### [Recorded information]
┄┄┄┄┄┄┄┄┄┄┄┄┄┄┄┄┄┄┄┄

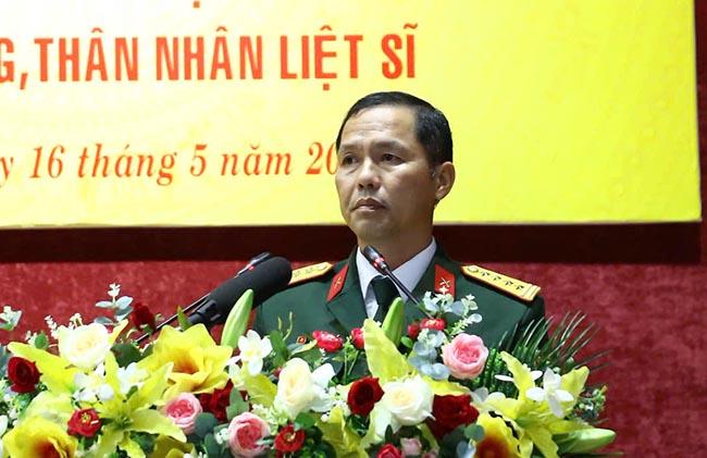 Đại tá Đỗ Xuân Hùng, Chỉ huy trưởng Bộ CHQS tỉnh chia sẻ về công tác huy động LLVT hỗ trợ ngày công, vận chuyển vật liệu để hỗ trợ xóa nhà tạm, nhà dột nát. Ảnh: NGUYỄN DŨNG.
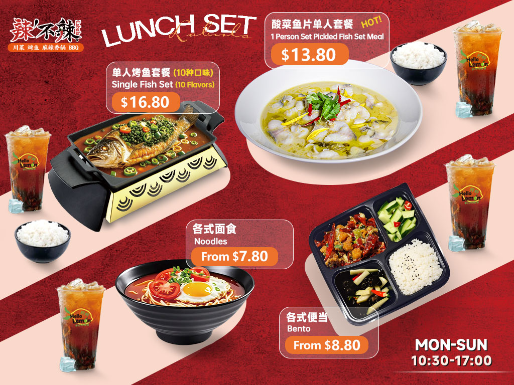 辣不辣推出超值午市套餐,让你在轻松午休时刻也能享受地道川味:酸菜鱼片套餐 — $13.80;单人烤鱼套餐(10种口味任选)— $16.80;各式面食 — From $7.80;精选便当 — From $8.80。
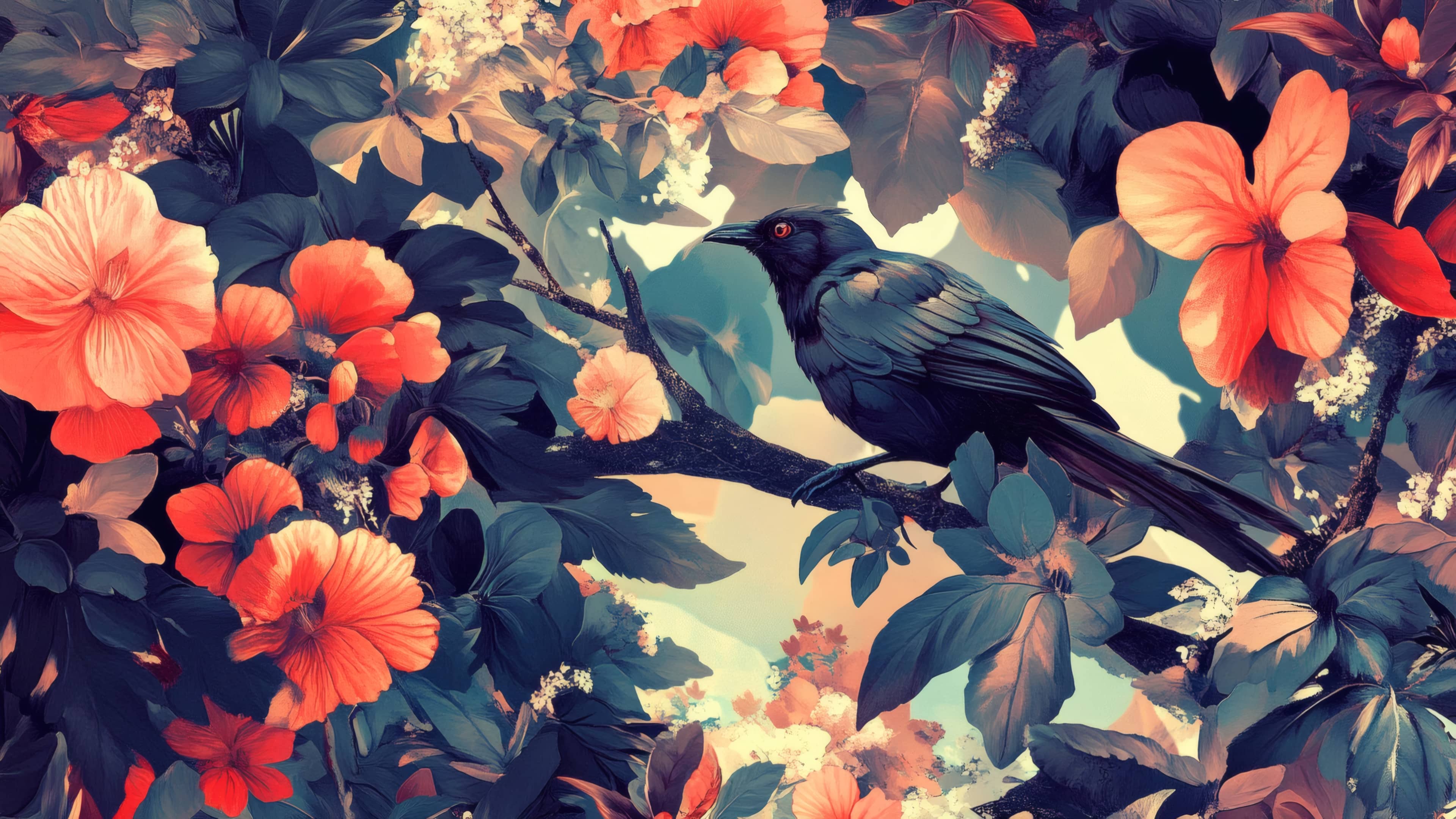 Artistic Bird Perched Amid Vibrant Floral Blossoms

┄┄┄┄┄┄┄┄┄┄┄┄┄┄┄┄┄┄┄┄

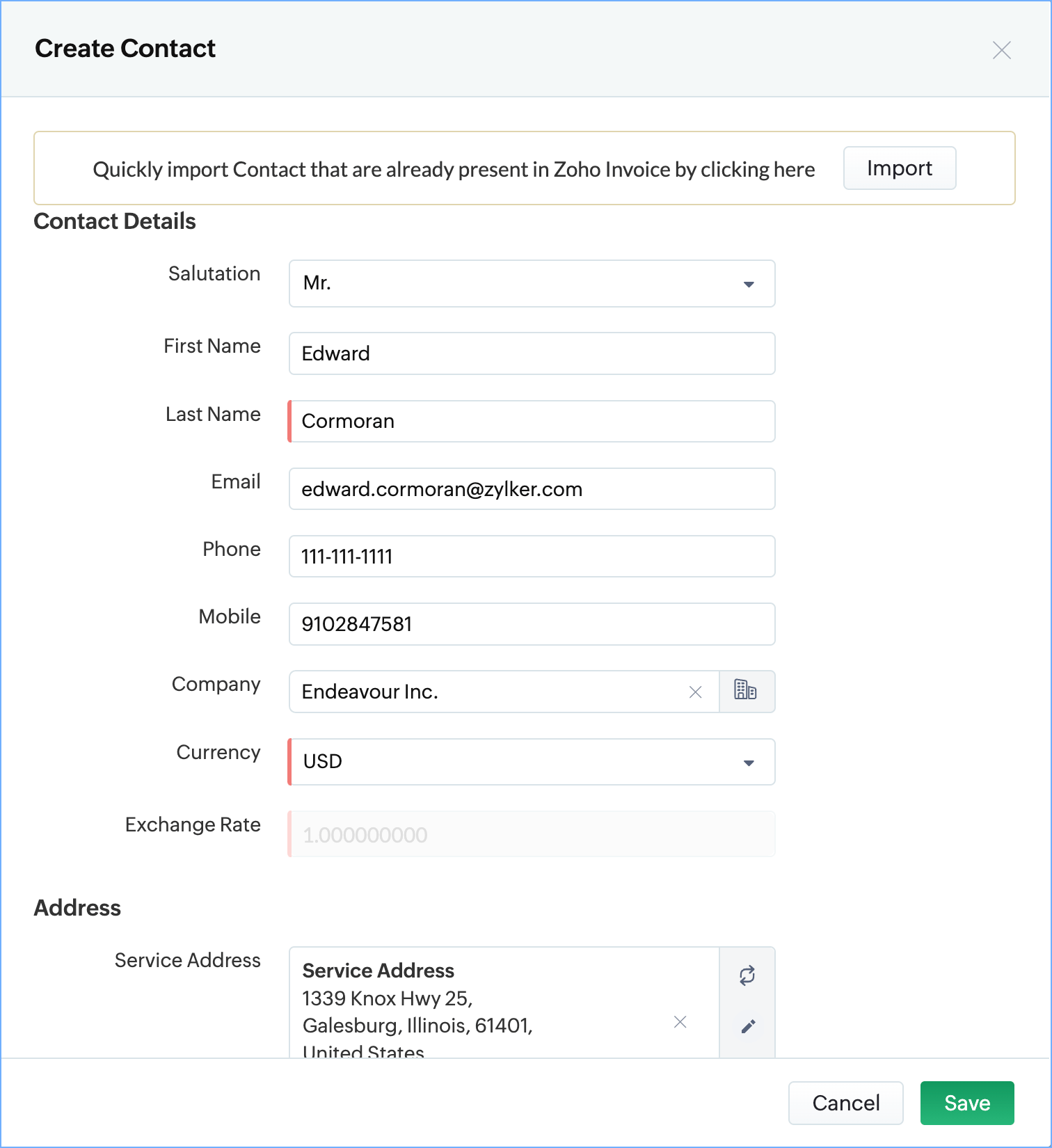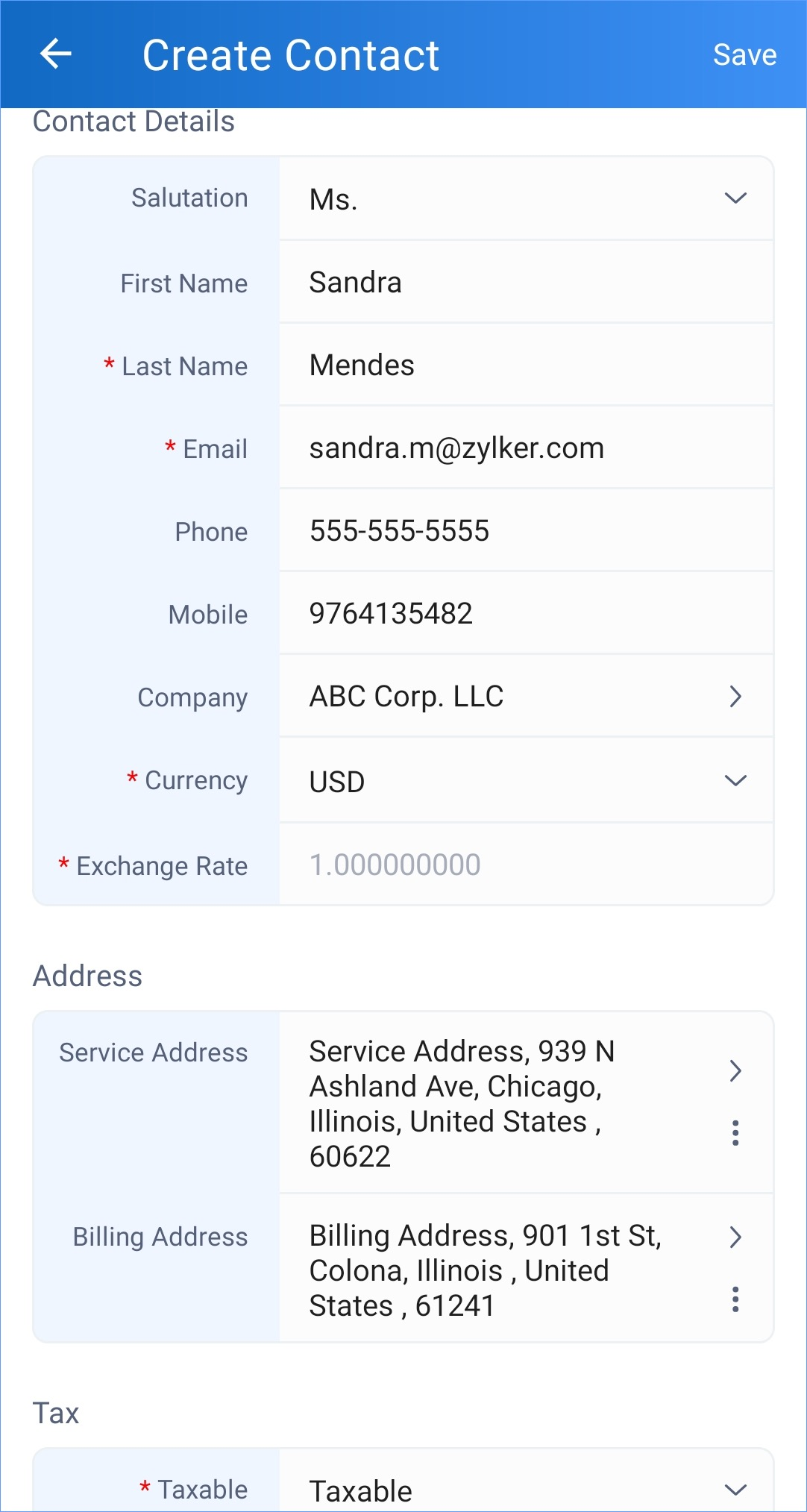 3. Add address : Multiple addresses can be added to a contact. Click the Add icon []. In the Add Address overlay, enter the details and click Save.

┄┄┄┄┄┄┄┄┄┄┄┄┄┄┄┄┄┄┄┄

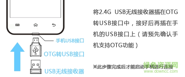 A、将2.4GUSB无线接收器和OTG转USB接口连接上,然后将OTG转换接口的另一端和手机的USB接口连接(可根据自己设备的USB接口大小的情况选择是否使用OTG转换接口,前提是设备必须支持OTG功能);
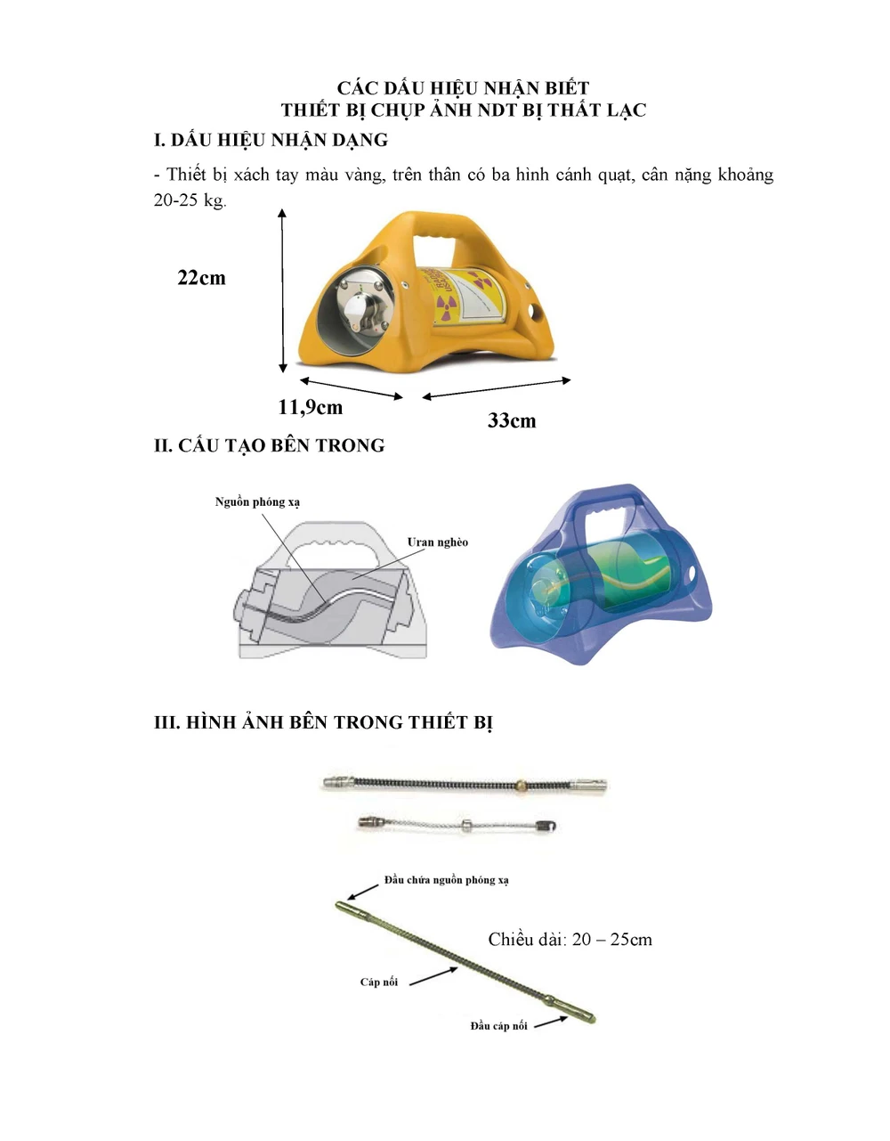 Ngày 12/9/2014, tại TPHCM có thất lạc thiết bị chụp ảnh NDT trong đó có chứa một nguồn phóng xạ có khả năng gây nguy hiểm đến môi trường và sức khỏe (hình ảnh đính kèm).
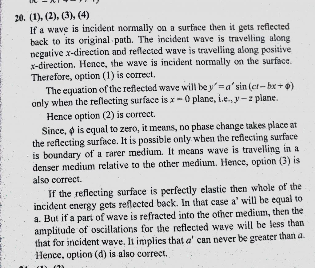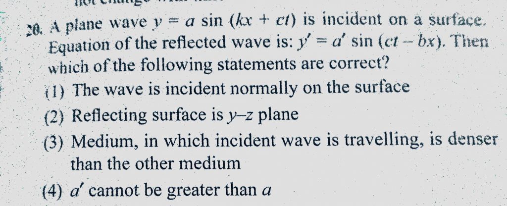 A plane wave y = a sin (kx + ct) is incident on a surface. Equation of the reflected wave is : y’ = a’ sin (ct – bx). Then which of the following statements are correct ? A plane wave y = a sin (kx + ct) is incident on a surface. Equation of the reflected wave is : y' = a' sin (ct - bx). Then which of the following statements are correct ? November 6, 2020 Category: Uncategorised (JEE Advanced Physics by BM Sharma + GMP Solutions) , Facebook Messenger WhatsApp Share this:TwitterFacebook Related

┄┄┄┄┄┄┄┄┄┄┄┄┄┄┄┄┄┄┄┄

### [Exercise requirements]
Leaving each picture behind, please give again exactly the lines above from the one with "Đại tá Đỗ Xuân" through the one with "Artistic Bird Perched", both included, and no others.

### [Response to the exercise]
 Đại tá Đỗ Xuân Hùng, Chỉ huy trưởng Bộ CHQS tỉnh chia sẻ về công tác huy động LLVT hỗ trợ ngày công, vận chuyển vật liệu để hỗ trợ xóa nhà tạm, nhà dột nát. Ảnh: NGUYỄN DŨNG.
 辣不辣推出超值午市套餐,让你在轻松午休时刻也能享受地道川味:酸菜鱼片套餐 — $13.80;单人烤鱼套餐(10种口味任选)— $16.80;各式面食 — From $7.80;精选便当 — From $8.80。
 Artistic Bird Perched Amid Vibrant Floral Blossoms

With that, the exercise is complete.